### [Goal of the exercise]
You are asked to copy the entire listing exactly, apart from its pictures.

### [Input data]
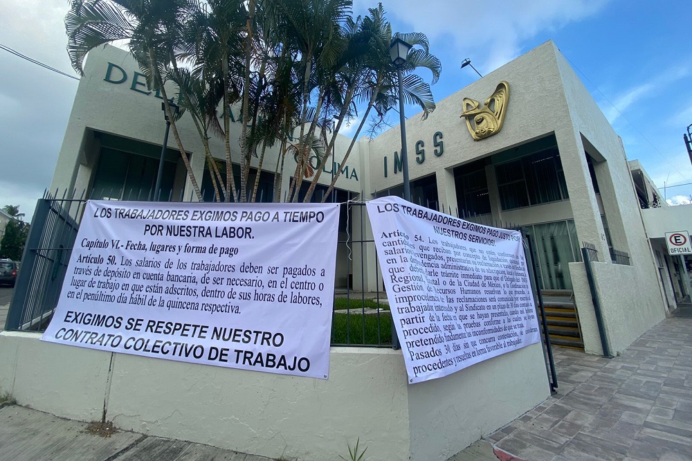 Trabajadores integrantes de la sección XXV del Sindicato Nacional de Trabajadores del Seguro Social (SNTSS) colocaron diversas lonas en el Delegación del Instituto Mexicano del Seguro Social (IMSS) en Colima, en donde denuncian la falta de diversos pagos y prestaciones, así mismo exigen la renuncia del jefe de personal y del encargado de las subcomisiones mixtas.
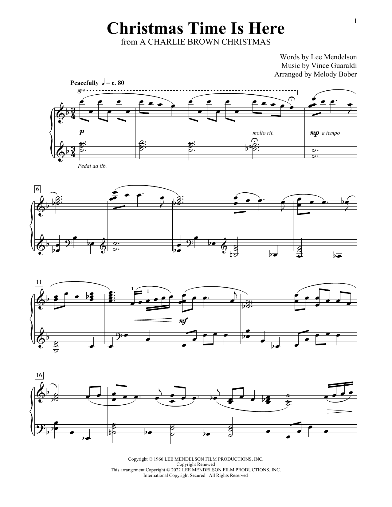 Quick facts Christmas Time Is Here (from A Charlie Brown Christmas) (arr. Melody Bober) about digital sheet music
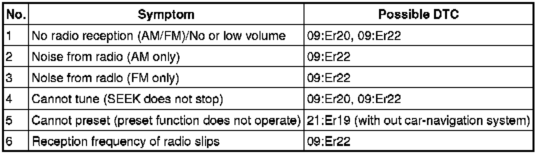 - Perform confirmation of symptom and evaluation under conditions that customer reported (location, time, broadcasting station etc.). If not possible, perform it under equivalent conditions.
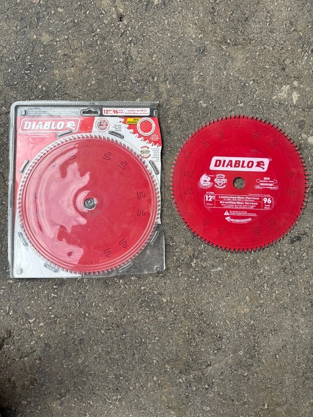 Used Diablo 12-inch x 96 Tooth Carbide Tipped Mitre/Table Saw Blade for Laminate/Aluminum Cutting. In good condition. Perfect for your next project! Blade Diameter: 12 inch, Teeth: 96, Application: Laminate/Aluminum Cutting. If the ad is up, it's available!

### [Task answer]
 Trabajadores integrantes de la sección XXV del Sindicato Nacional de Trabajadores del Seguro Social (SNTSS) colocaron diversas lonas en el Delegación del Instituto Mexicano del Seguro Social (IMSS) en Colima, en donde denuncian la falta de diversos pagos y prestaciones, así mismo exigen la renuncia del jefe de personal y del encargado de las subcomisiones mixtas.
 Quick facts Christmas Time Is Here (from A Charlie Brown Christmas) (arr. Melody Bober) about digital sheet music
 - Perform confirmation of symptom and evaluation under conditions that customer reported (location, time, broadcasting station etc.). If not possible, perform it under equivalent conditions.
 Used Diablo 12-inch x 96 Tooth Carbide Tipped Mitre/Table Saw Blade for Laminate/Aluminum Cutting. In good condition. Perfect for your next project! Blade Diameter: 12 inch, Teeth: 96, Application: Laminate/Aluminum Cutting. If the ad is up, it's available!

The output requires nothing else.